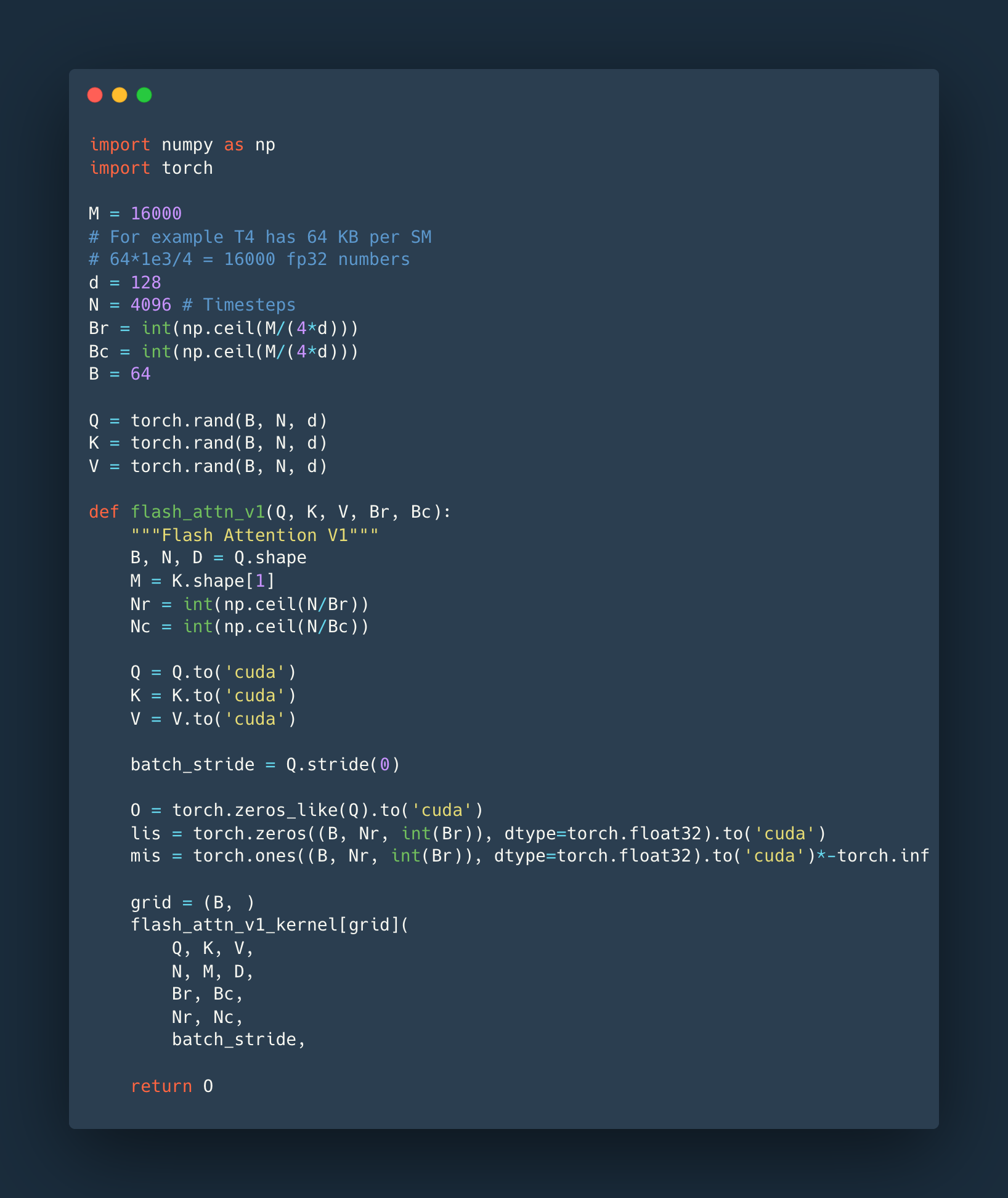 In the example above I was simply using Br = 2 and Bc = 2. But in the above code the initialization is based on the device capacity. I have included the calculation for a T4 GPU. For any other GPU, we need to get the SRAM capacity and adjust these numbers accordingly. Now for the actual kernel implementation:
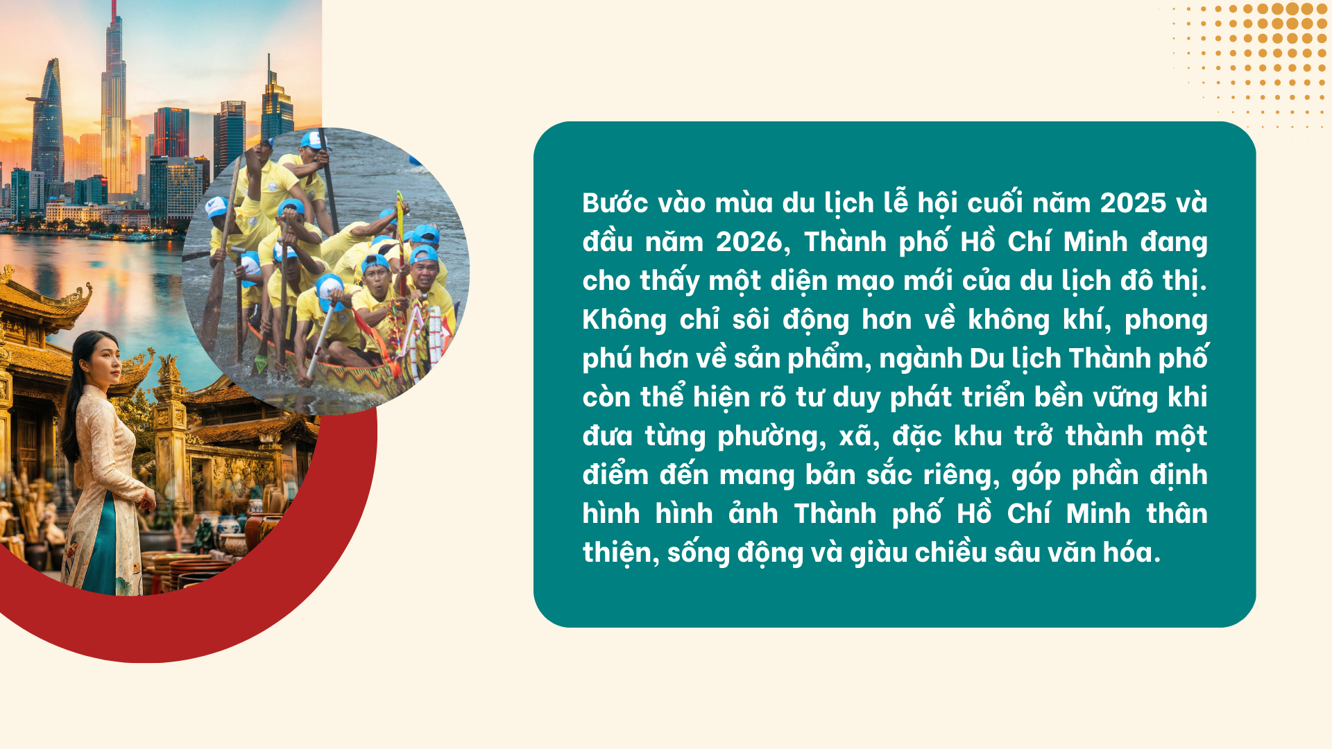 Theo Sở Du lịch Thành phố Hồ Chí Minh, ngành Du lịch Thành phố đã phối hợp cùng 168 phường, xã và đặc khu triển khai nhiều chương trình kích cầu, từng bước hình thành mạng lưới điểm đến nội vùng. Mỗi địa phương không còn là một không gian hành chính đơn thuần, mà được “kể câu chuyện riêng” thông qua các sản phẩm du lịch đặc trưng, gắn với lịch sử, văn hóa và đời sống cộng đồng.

---+---

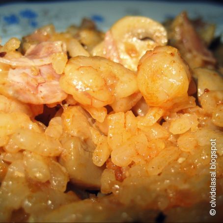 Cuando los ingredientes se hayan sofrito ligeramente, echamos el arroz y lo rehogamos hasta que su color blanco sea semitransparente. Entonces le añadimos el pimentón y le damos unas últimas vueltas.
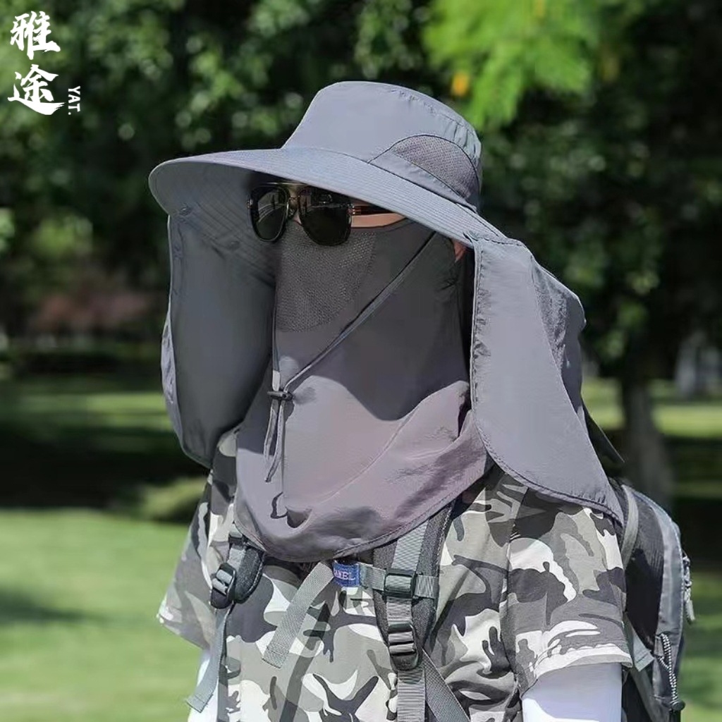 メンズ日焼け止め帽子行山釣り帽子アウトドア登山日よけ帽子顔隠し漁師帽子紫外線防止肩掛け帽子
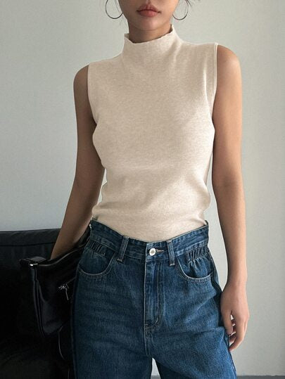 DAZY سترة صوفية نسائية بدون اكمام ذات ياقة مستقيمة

---+---

#### [GOAL OF THE EXERCISE]
Pictures in the entries do not go into the copy. Print only the lines starting at the one containing "In the example" and ending at the one containing "Theo Sở Du lịch", exactly as they appear.

#### [PROBLEM SOLUTION]
 In the example above I was simply using Br = 2 and Bc = 2. But in the above code the initialization is based on the device capacity. I have included the calculation for a T4 GPU. For any other GPU, we need to get the SRAM capacity and adjust these numbers accordingly. Now for the actual kernel implementation:
 Theo Sở Du lịch Thành phố Hồ Chí Minh, ngành Du lịch Thành phố đã phối hợp cùng 168 phường, xã và đặc khu triển khai nhiều chương trình kích cầu, từng bước hình thành mạng lưới điểm đến nội vùng. Mỗi địa phương không còn là một không gian hành chính đơn thuần, mà được “kể câu chuyện riêng” thông qua các sản phẩm du lịch đặc trưng, gắn với lịch sử, văn hóa và đời sống cộng đồng.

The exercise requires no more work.